Shafaq News/ Dozens gathered near the People's Park (al-Shaab Park) in Al-Sulaymaniyah to protest the Judiciary rulings convicting journalists and activists for anti-government charges.
Demonstrators deemed the ruling "iniquitous and illegal after a show trial," Kamel Omar, a legal activist, said, "the verdict does not serve the interests of a Region that claims it perfects practicing Democracy and Freedom of Speech. The Judiciary is pursuing the same approach of the Executive authority, which is not good."
Omar called on the authorities to "issue any amnesty because the activists are neither culprits nor criminals."
Yesterday, Kurdistan's Court of Cassation ratified the imprisonment sentence against the activists convicted for charges related to toppling the government.

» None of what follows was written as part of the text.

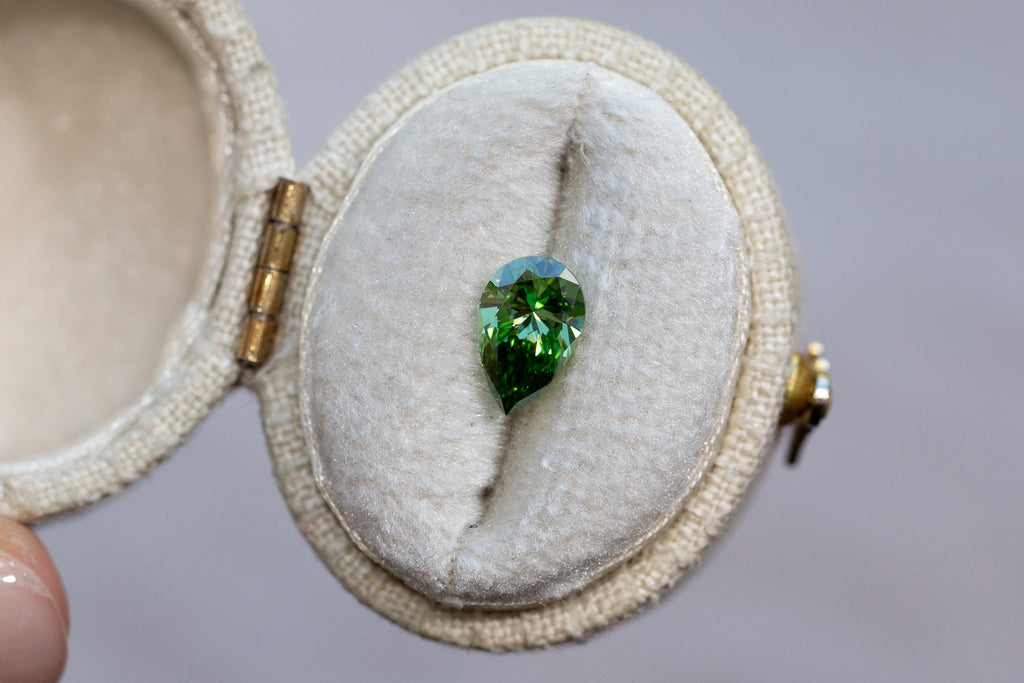 1.00ct Pear Fancy Vivid Green Lab Diamond, VVS2

A Judicial source revealed that the Court denied the request filed by the Defense team of Bahdinan indictees to challenge the Erbil Criminal Court's decree that sentenced them to six years in prison.
The Defense team in the case of "Bahdinan Prisoners" lodged on Thursday a motion at Kurdistan's Supreme Judicial Council for the reconsideration of Erbil's Criminal Court ruling issued against the convicts.
A defense attorney said in a press statement at the main gate of the Supreme Judicial Council headquarters in Erbil, "we submitted today a statement to the Supreme Judicial Council and requested a review of the case and the ruling, annulling Article 56, according to which they were sentenced for six years, and closing the case."
In February earlier this year, the Region's Supreme Judicial Council refuted the claims of media outlets about illegalities, asserting that the trial took place publicly and transparently.
Erbil's criminal court sentenced two journalists to six-year imprisonment over charges of attempts to topple the government in the wake of the violent clashes that ravaged al-Sulaymaniyah last year, according to Iraq's Organization for Defending Journalists' rights.